Despite the positive sentiment, there is one worrying signal — the stablecoin dynamics on Binance. Since April 25, the exchange has recorded a steady outflow of stablecoins: the total net outflow for this period exceeded $11.8 billion, with daily outflows exceeding $1.5 billion in some sessions.

Stablecoin flows on exchanges are one of the key indicators of potential buying demand. When stablecoins enter an exchange, it signals readiness to buy. When they leave, the pool of available capital shrinks.

In April, the picture was the opposite: stable inflows of stablecoins coincided with BTC rising from $74,000 to $78,000. The accumulated reserve of buying liquidity helped support the upward movement. Now this reserve has noticeably depleted — just as the market is trying to consolidate above $81,000.

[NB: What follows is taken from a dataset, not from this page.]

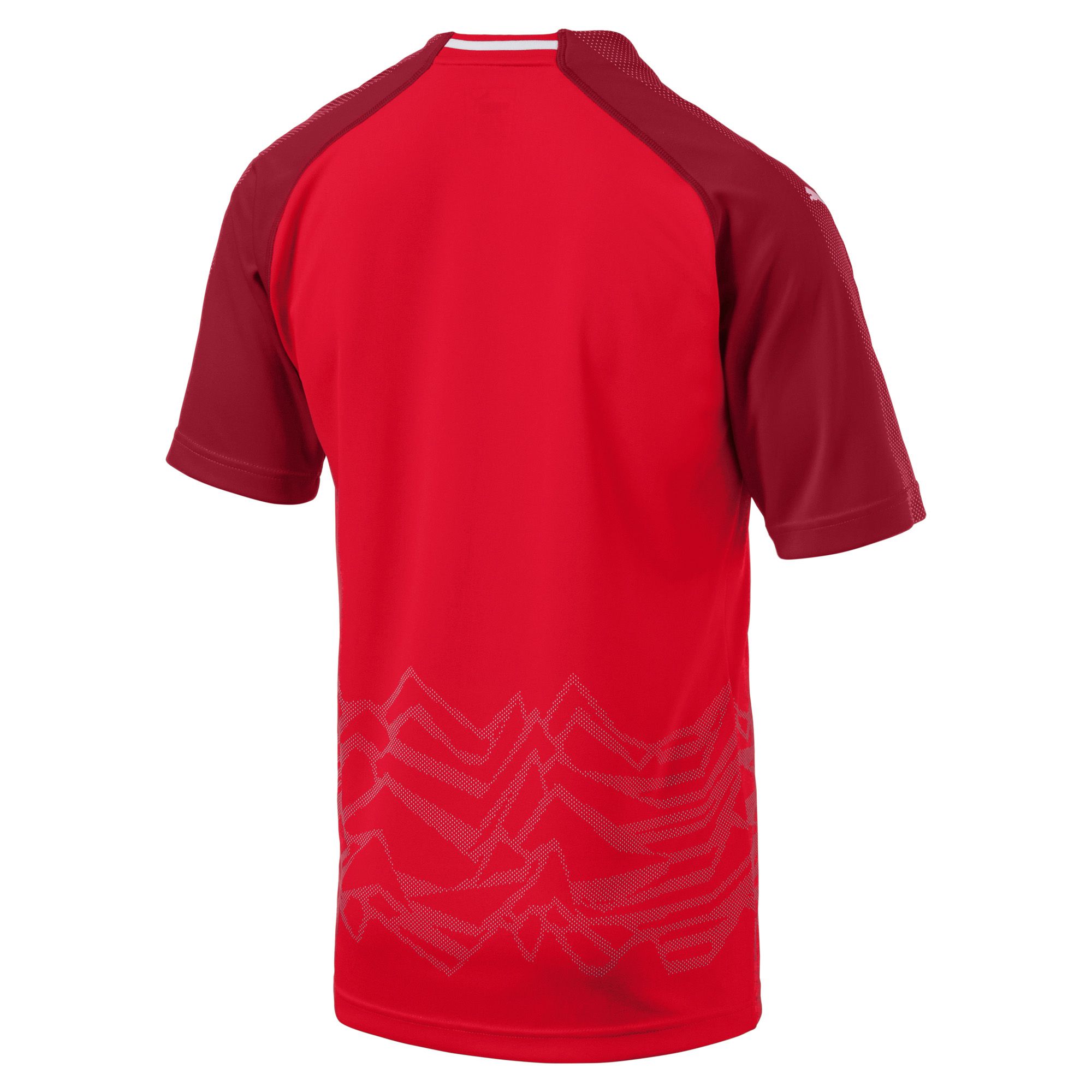 Official Austrian Football Federation woven crest heat applied on left chest, Embroidered Puma Cat Logo on right chest and both sleeves, Engineered jacquard graphic portraying the iconic Austrian mountainous landscape.
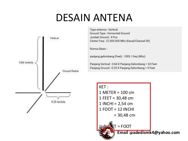 Yaang di maksud sebagai acuan adalah tujuan untuk mendapatkan parameter parameter antena tertentu yang didasarkan pada formula formula matematis di setiap dimensi elemen antena. Antena jenis ini digunakan untuk frekuensi tinggi yaitu 2 meteran antena ini langsung dihubungkan dengan kabel 50 ohm dean tanpa rangkaian matcher penala antena. Panjang masing masing ground plane lambda antena semacam ini disebut antena ground plane periksa gambar 13 a. Lamda t 300 fx0 95 atau 0 965 atau 0 99.

Two Signals Pointing in Different Directions

The situation is ambiguous. On the one hand, there is the first neutral sentiment index in 108 days, a recovery in market capitalization, and constructive behavior from BTC holders. On the other, there is a steady outflow of liquidity from the world’s largest exchange, which limits available buying power.

The bullish narrative about $100,000 is possible, but it requires one key condition: the return of stablecoin liquidity to exchanges. Without fresh capital, the current rally risks running into a shortage of buyers at higher levels.

The market has clearly shifted from a phase of fear to a phase of cautious optimism. The question is whether this optimism will turn into real demand — or fade away as it did in January.